While Adam was talking, the Motor Home had pulled over to the side of the road, and Cassandra had traded places with Sally, who had resumed driving, as Cassandra headed towards the bathroom just outside the rear bedroom.

"The Watchers cleaned their own house that time, although I assisted where I could. They called in assistance from several different areas, and went hunting the Hunters. They included the priest and the local bishop on their game list, because both were involved. Eventually though, they believed they had successfully cleaned house. Most of the local records had been destroyed, so the three senior Watchers went ahead and burned the rest of the records, along with what had been the local Watcher Headquarters to the ground. They established strict punishments for any Watcher who would so violate their oath as to harm an Immortal deliberately, noting how since Watchers swore their life, should they violate that oath, their life was the logical forfeit.

"That was the birth of the Tribunal system of Watcher Regulation. I think the time has come to modify that system somehow. But for the life of me I can't figure out what to do."

Cassandra emerged from the bathroom, and leaned against the wall, looking into the bedroom. "Methos, what exactly happened to you? You are not like the man I once knew, and yet you are still him in many ways."

"I told Eadgils when we came back here a couple of hours ago, but I guess I owe it to you to repeat myself. I killed Ralas. And his Quickening helped me to see the horror and futility of my actions. I hadn't understood what had happened myself back then. But about fifteen hundred years ago, I ran across Darius again, however he was no longer the war leader who I had met before."

"When had you met him before?" Cassandra asked.

"Summer of 410, in Rome. I met Alaric, Athaulf, and Darius, along with his assistant Grayson and Grayson's new student, Callestina. They were in the process of sacking Rome at the time. The whole band was very reminiscent of my days with the Horsemen. I tried to convince Callestina she would be better off with myself as a teacher, but she was in love with Darius and wouldn't leave him.

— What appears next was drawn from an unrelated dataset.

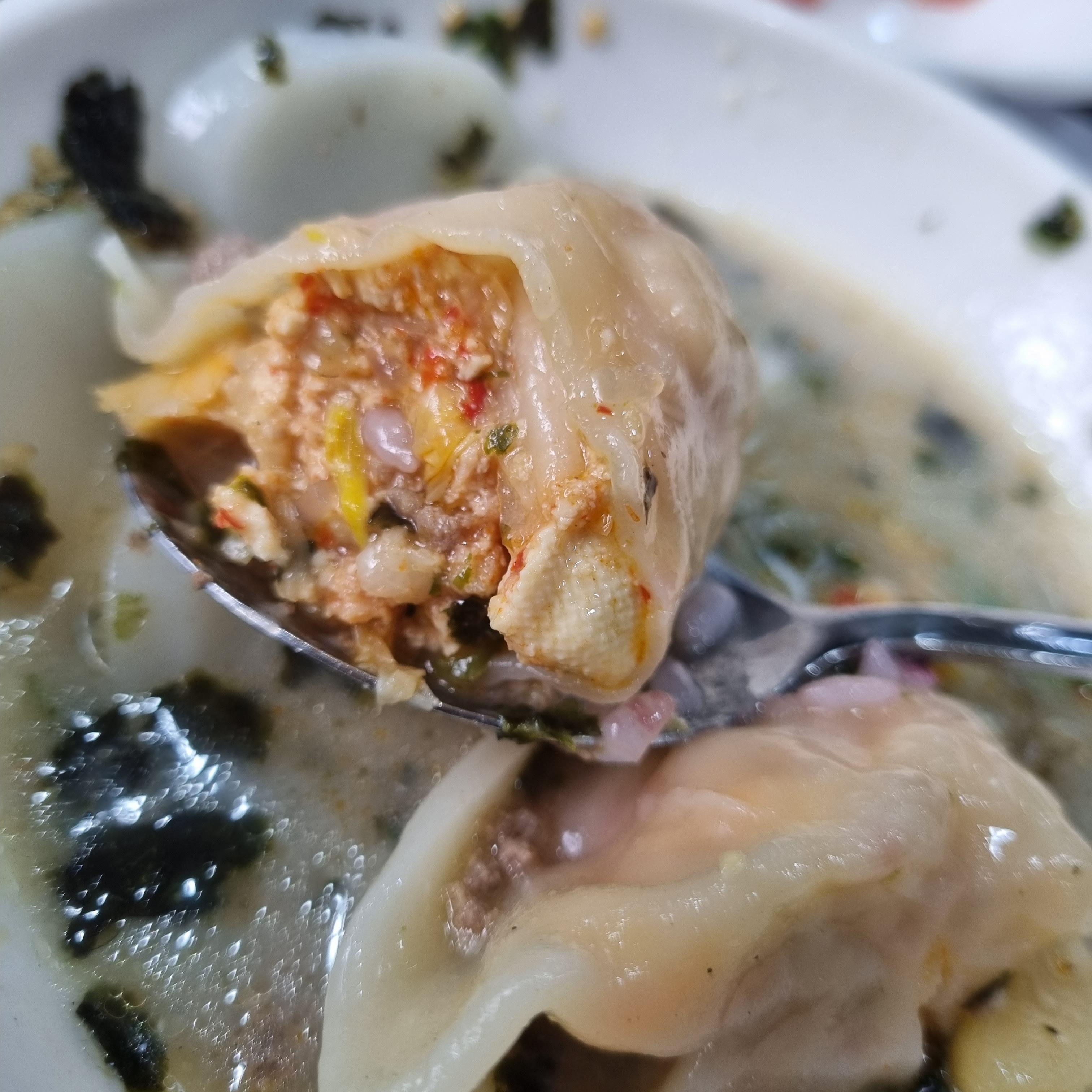 약수터 만두국 (만두 두개 건져내다다 찍은 사진)

"The next time I came across him, it was in Paris, in 585, he was a priest living in the Basilica of St. Julien. The man I met that evening was as different as can be from the war leader I had met in Rome. I asked him what had happened, and he told me he and Grayson had marched on Paris, and there they had encountered a single Immortal, a holy man who set out unarmed to stop an Army, and much like Ralas and the horsemen, lost his head, yet met his goal. Darius took his head, and when he awoke, he was filled with such a different perspective that he dismissed Grayson and the army, and himself took up residence in Paris, later taking vows and becoming a Catholic Priest. Darius and I talked for hours that night. He called the event a Light Quickening."

Cassandra nodded, and turned back towards the front, saying over her shoulder, "We will need to talk later, Methos. I still have many questions, but I meant what I said this morning about being glad now that I spared your life, despite the misgivings I suffered afterwards."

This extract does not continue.